Aim of the task
Copying task for the records below: reproduce each one exactly and drop the pictures.

Task inputs
- - -

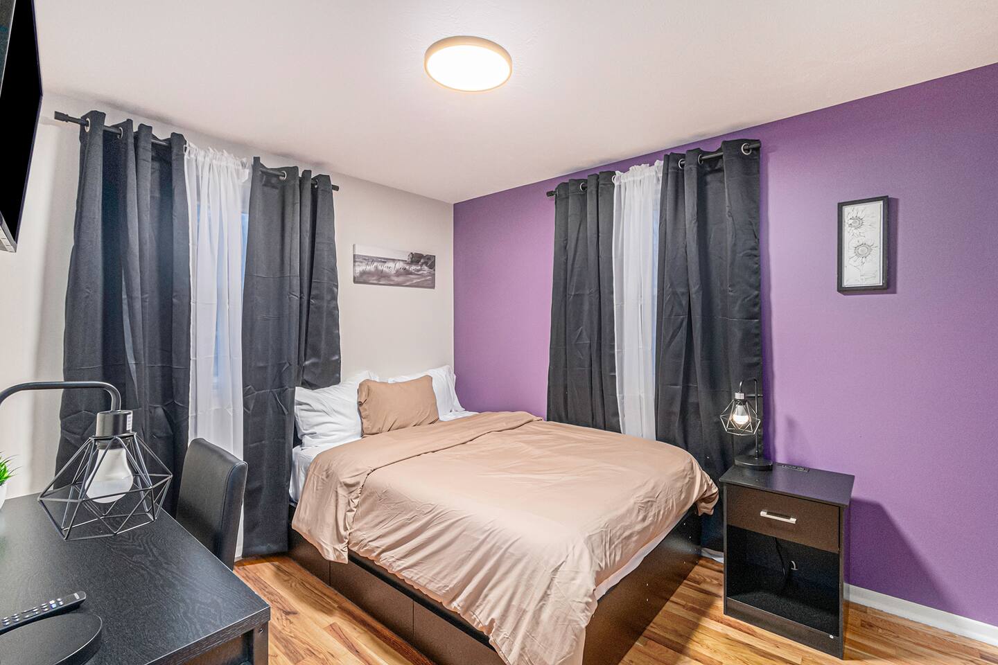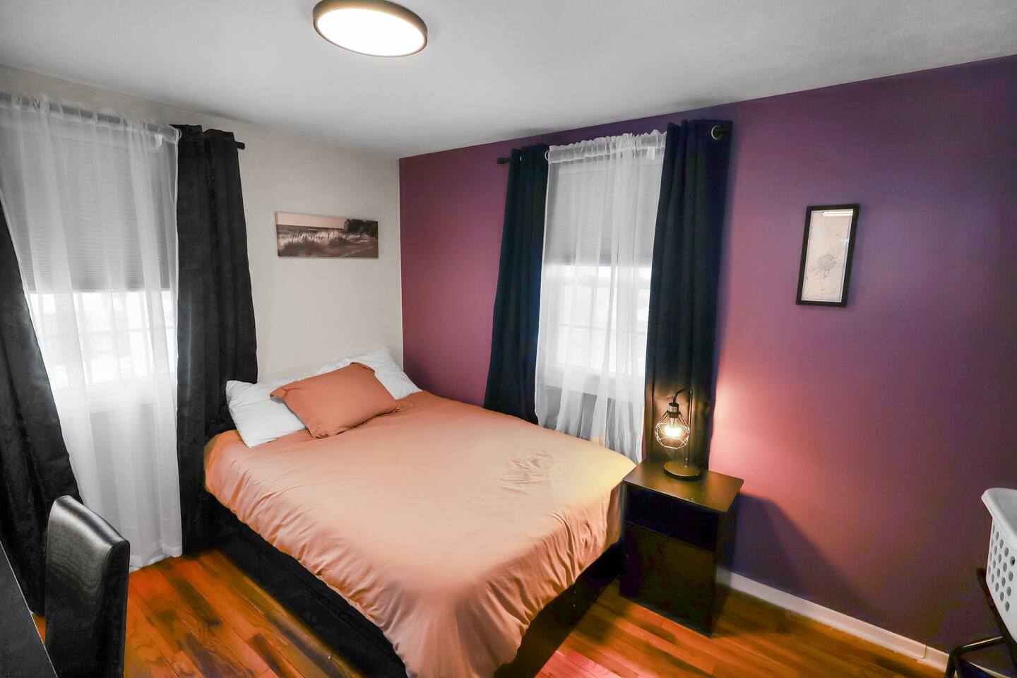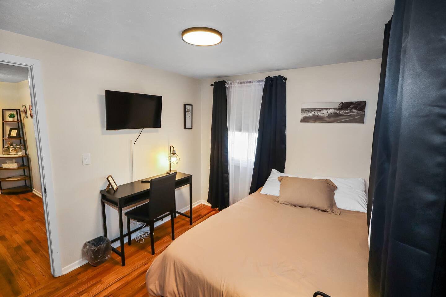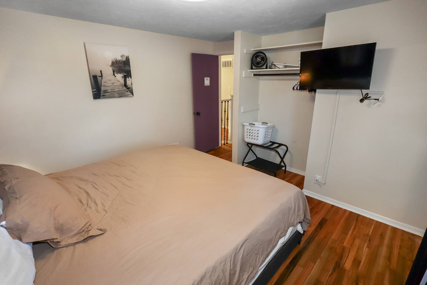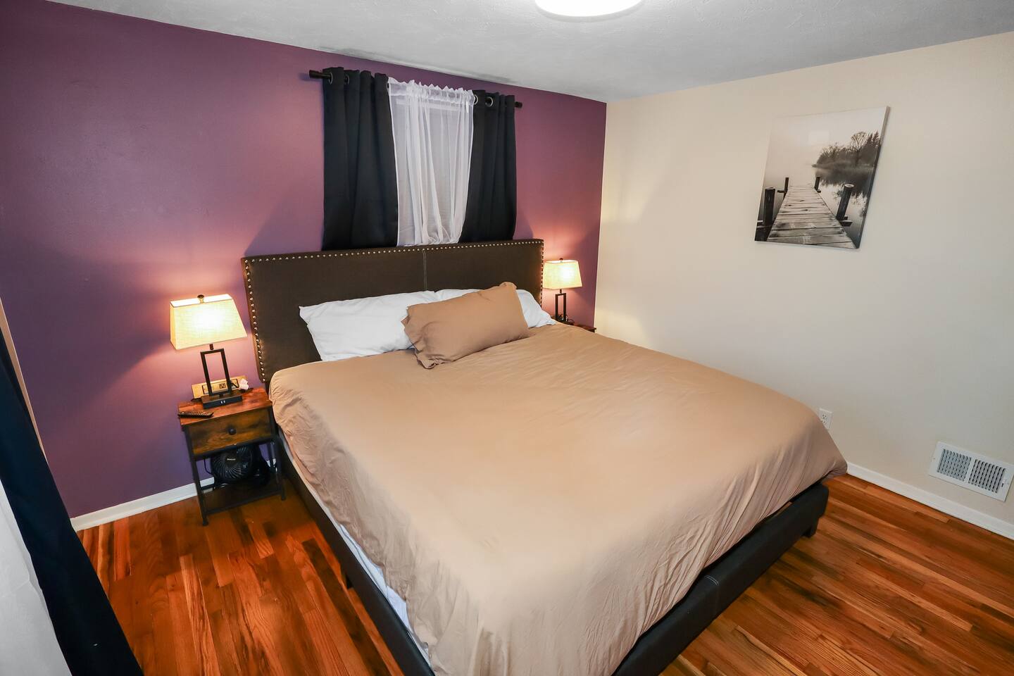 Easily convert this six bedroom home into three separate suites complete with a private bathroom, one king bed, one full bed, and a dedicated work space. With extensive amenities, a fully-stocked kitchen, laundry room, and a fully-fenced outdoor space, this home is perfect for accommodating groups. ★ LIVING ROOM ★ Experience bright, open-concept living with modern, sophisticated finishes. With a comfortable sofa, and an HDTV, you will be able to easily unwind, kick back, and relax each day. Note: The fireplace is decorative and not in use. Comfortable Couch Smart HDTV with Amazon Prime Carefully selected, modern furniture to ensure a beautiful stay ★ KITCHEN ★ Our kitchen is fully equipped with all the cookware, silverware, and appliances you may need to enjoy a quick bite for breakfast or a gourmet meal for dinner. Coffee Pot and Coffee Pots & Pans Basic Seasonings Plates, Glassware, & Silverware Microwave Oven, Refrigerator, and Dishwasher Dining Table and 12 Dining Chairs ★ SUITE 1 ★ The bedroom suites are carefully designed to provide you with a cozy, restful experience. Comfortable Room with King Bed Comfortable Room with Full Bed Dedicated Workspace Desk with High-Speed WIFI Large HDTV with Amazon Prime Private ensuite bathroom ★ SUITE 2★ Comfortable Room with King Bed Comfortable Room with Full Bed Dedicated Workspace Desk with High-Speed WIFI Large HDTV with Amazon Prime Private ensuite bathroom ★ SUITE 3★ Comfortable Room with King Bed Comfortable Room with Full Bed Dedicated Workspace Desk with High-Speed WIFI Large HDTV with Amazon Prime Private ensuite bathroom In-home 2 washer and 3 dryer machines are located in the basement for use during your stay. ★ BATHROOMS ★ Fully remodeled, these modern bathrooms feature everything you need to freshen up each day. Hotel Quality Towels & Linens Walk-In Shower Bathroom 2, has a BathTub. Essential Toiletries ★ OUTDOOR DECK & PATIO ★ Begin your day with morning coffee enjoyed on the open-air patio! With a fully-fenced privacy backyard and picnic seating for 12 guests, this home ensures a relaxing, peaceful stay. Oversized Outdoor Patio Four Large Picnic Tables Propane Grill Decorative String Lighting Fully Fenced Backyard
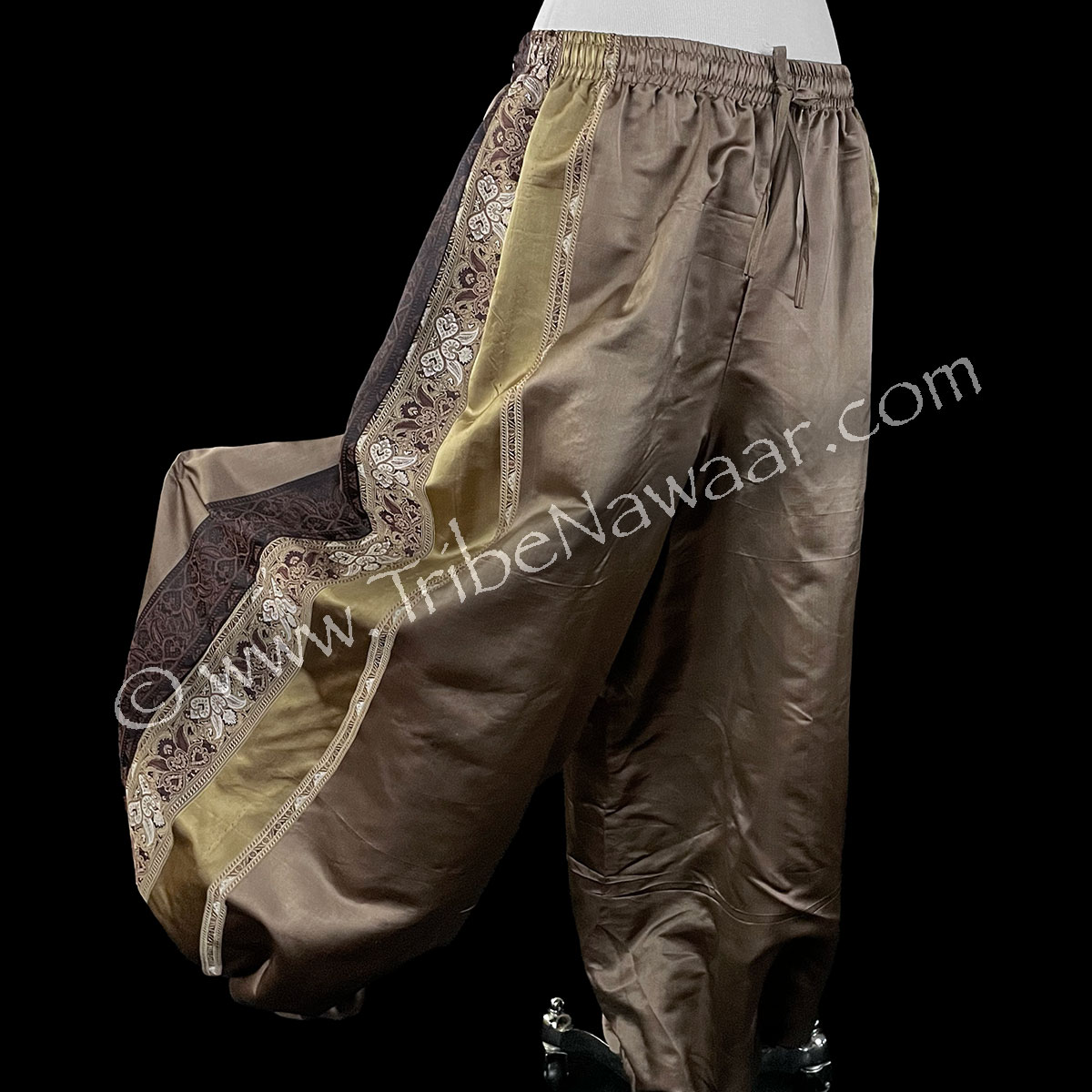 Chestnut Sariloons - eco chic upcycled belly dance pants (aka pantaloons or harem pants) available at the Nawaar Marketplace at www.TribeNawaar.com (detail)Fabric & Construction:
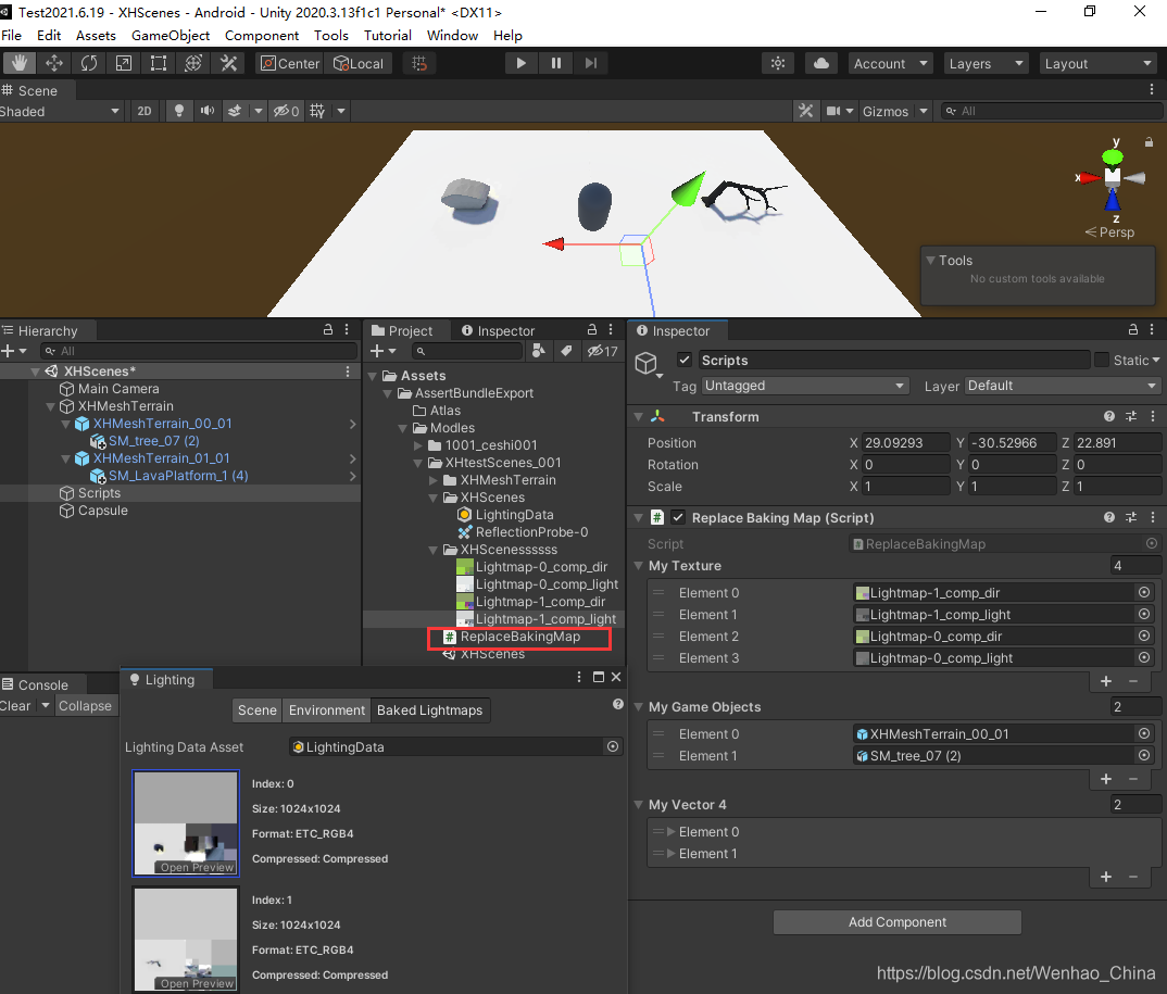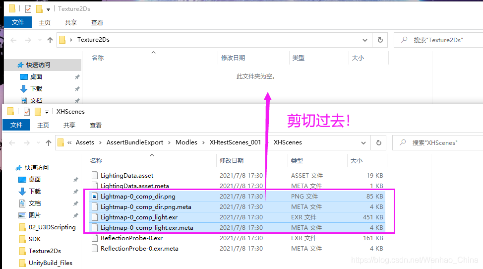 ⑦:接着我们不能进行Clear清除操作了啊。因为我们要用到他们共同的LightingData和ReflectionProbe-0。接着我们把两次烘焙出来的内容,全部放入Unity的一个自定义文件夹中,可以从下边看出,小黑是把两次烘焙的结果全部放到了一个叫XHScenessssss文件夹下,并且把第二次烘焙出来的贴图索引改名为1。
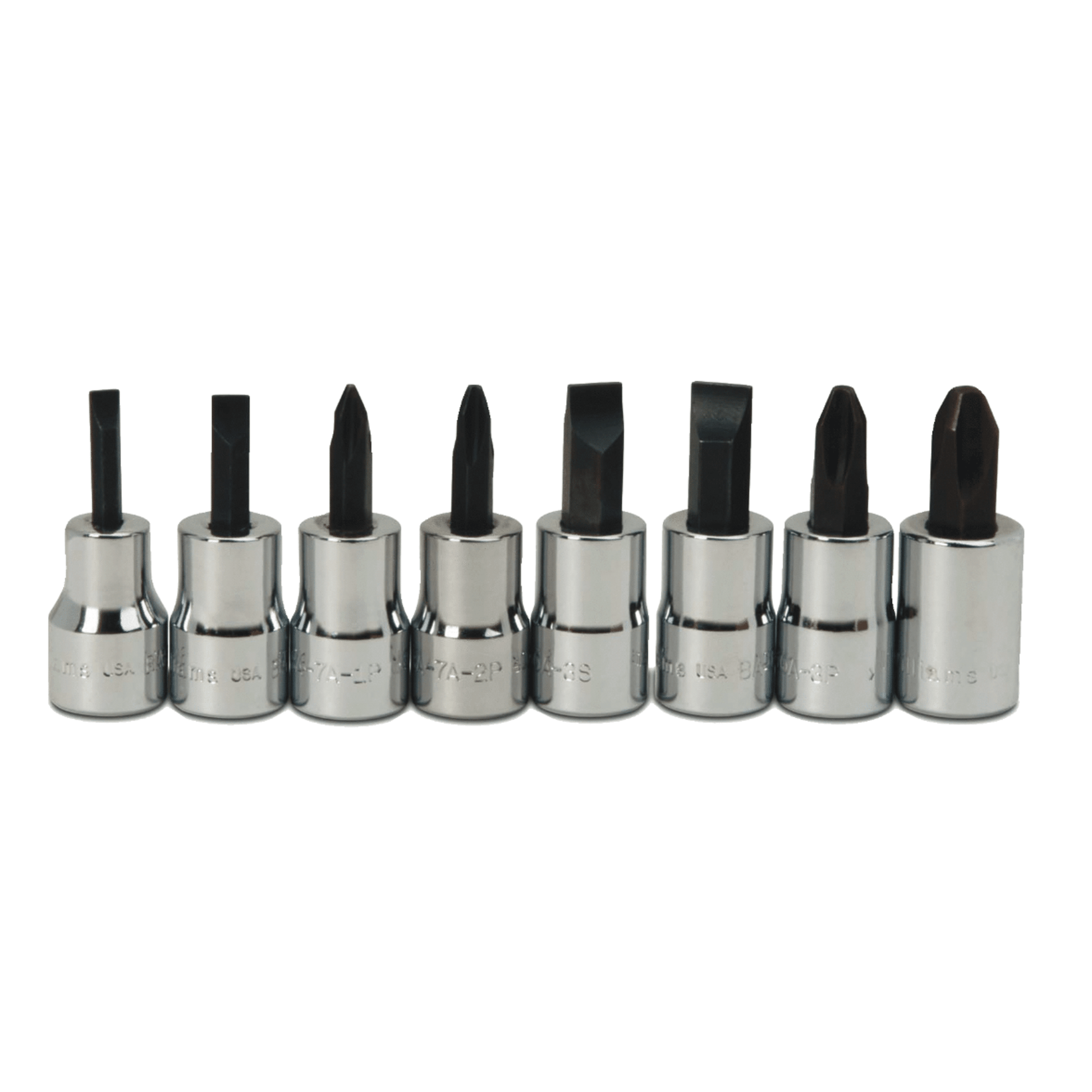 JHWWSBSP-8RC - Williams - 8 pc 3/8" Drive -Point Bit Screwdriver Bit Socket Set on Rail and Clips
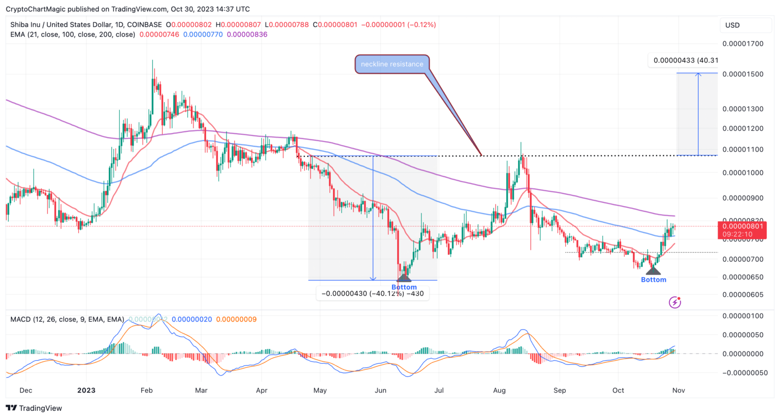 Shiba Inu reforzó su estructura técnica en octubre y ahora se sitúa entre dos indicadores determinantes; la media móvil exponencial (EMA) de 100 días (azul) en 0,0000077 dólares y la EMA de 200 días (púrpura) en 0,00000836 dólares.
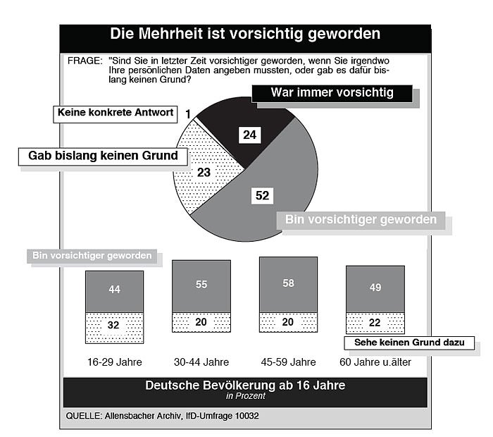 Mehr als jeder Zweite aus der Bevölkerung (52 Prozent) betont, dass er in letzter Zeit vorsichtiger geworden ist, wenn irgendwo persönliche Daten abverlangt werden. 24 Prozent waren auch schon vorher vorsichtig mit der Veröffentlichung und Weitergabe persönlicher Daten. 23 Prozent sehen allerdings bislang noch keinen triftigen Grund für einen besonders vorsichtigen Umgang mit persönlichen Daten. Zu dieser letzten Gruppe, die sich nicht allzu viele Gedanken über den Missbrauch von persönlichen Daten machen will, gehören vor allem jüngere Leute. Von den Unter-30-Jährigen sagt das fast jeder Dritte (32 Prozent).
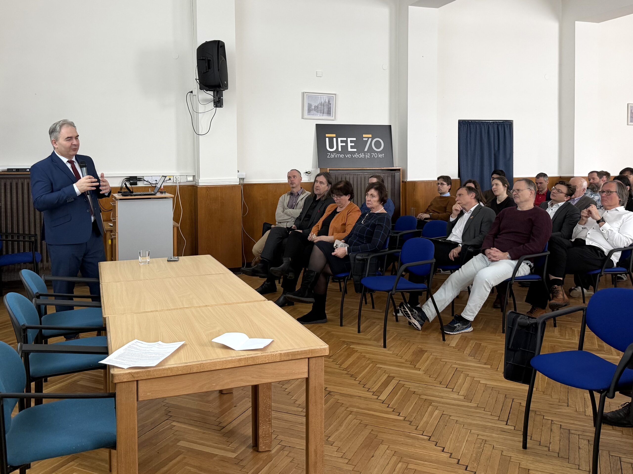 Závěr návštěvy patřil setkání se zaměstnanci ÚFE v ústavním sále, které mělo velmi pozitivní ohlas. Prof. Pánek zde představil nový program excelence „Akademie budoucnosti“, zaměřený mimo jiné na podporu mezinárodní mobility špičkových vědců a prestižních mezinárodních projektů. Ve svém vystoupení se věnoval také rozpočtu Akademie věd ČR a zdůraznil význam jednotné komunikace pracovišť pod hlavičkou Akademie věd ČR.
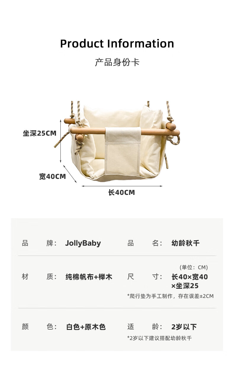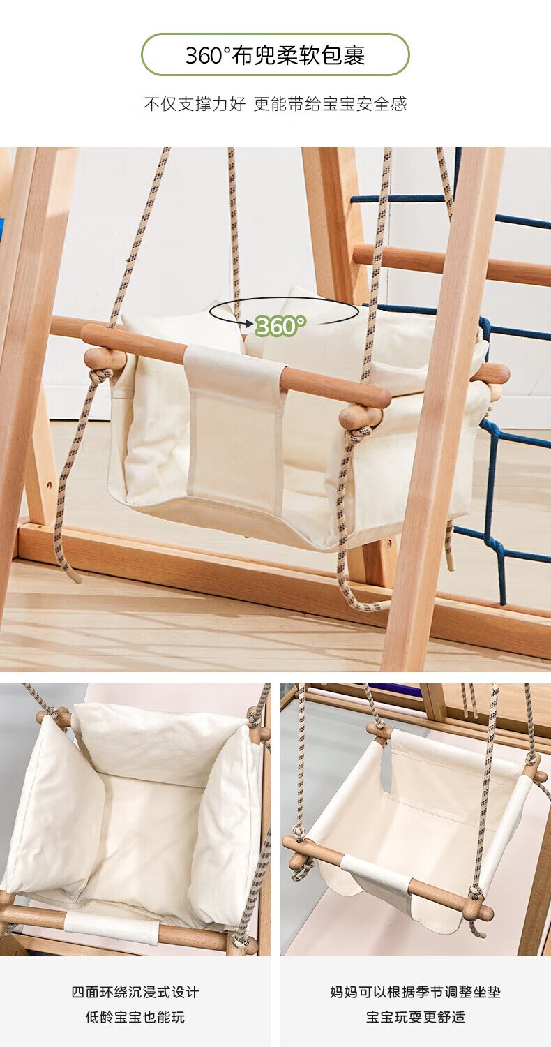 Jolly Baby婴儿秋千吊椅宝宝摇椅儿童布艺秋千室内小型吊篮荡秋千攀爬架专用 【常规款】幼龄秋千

- - -

Your solution
 Easily convert this six bedroom home into three separate suites complete with a private bathroom, one king bed, one full bed, and a dedicated work space. With extensive amenities, a fully-stocked kitchen, laundry room, and a fully-fenced outdoor space, this home is perfect for accommodating groups. ★ LIVING ROOM ★ Experience bright, open-concept living with modern, sophisticated finishes. With a comfortable sofa, and an HDTV, you will be able to easily unwind, kick back, and relax each day. Note: The fireplace is decorative and not in use. Comfortable Couch Smart HDTV with Amazon Prime Carefully selected, modern furniture to ensure a beautiful stay ★ KITCHEN ★ Our kitchen is fully equipped with all the cookware, silverware, and appliances you may need to enjoy a quick bite for breakfast or a gourmet meal for dinner. Coffee Pot and Coffee Pots & Pans Basic Seasonings Plates, Glassware, & Silverware Microwave Oven, Refrigerator, and Dishwasher Dining Table and 12 Dining Chairs ★ SUITE 1 ★ The bedroom suites are carefully designed to provide you with a cozy, restful experience. Comfortable Room with King Bed Comfortable Room with Full Bed Dedicated Workspace Desk with High-Speed WIFI Large HDTV with Amazon Prime Private ensuite bathroom ★ SUITE 2★ Comfortable Room with King Bed Comfortable Room with Full Bed Dedicated Workspace Desk with High-Speed WIFI Large HDTV with Amazon Prime Private ensuite bathroom ★ SUITE 3★ Comfortable Room with King Bed Comfortable Room with Full Bed Dedicated Workspace Desk with High-Speed WIFI Large HDTV with Amazon Prime Private ensuite bathroom In-home 2 washer and 3 dryer machines are located in the basement for use during your stay. ★ BATHROOMS ★ Fully remodeled, these modern bathrooms feature everything you need to freshen up each day. Hotel Quality Towels & Linens Walk-In Shower Bathroom 2, has a BathTub. Essential Toiletries ★ OUTDOOR DECK & PATIO ★ Begin your day with morning coffee enjoyed on the open-air patio! With a fully-fenced privacy backyard and picnic seating for 12 guests, this home ensures a relaxing, peaceful stay. Oversized Outdoor Patio Four Large Picnic Tables Propane Grill Decorative String Lighting Fully Fenced Backyard
 Chestnut Sariloons - eco chic upcycled belly dance pants (aka pantaloons or harem pants) available at the Nawaar Marketplace at www.TribeNawaar.com (detail)Fabric & Construction:
 ⑦:接着我们不能进行Clear清除操作了啊。因为我们要用到他们共同的LightingData和ReflectionProbe-0。接着我们把两次烘焙出来的内容,全部放入Unity的一个自定义文件夹中,可以从下边看出,小黑是把两次烘焙的结果全部放到了一个叫XHScenessssss文件夹下,并且把第二次烘焙出来的贴图索引改名为1。
 JHWWSBSP-8RC - Williams - 8 pc 3/8" Drive -Point Bit Screwdriver Bit Socket Set on Rail and Clips
 Shiba Inu reforzó su estructura técnica en octubre y ahora se sitúa entre dos indicadores determinantes; la media móvil exponencial (EMA) de 100 días (azul) en 0,0000077 dólares y la EMA de 200 días (púrpura) en 0,00000836 dólares.
 Mehr als jeder Zweite aus der Bevölkerung (52 Prozent) betont, dass er in letzter Zeit vorsichtiger geworden ist, wenn irgendwo persönliche Daten abverlangt werden. 24 Prozent waren auch schon vorher vorsichtig mit der Veröffentlichung und Weitergabe persönlicher Daten. 23 Prozent sehen allerdings bislang noch keinen triftigen Grund für einen besonders vorsichtigen Umgang mit persönlichen Daten. Zu dieser letzten Gruppe, die sich nicht allzu viele Gedanken über den Missbrauch von persönlichen Daten machen will, gehören vor allem jüngere Leute. Von den Unter-30-Jährigen sagt das fast jeder Dritte (32 Prozent).
 Závěr návštěvy patřil setkání se zaměstnanci ÚFE v ústavním sále, které mělo velmi pozitivní ohlas. Prof. Pánek zde představil nový program excelence „Akademie budoucnosti“, zaměřený mimo jiné na podporu mezinárodní mobility špičkových vědců a prestižních mezinárodních projektů. Ve svém vystoupení se věnoval také rozpočtu Akademie věd ČR a zdůraznil význam jednotné komunikace pracovišť pod hlavičkou Akademie věd ČR.
 Jolly Baby婴儿秋千吊椅宝宝摇椅儿童布艺秋千室内小型吊篮荡秋千攀爬架专用 【常规款】幼龄秋千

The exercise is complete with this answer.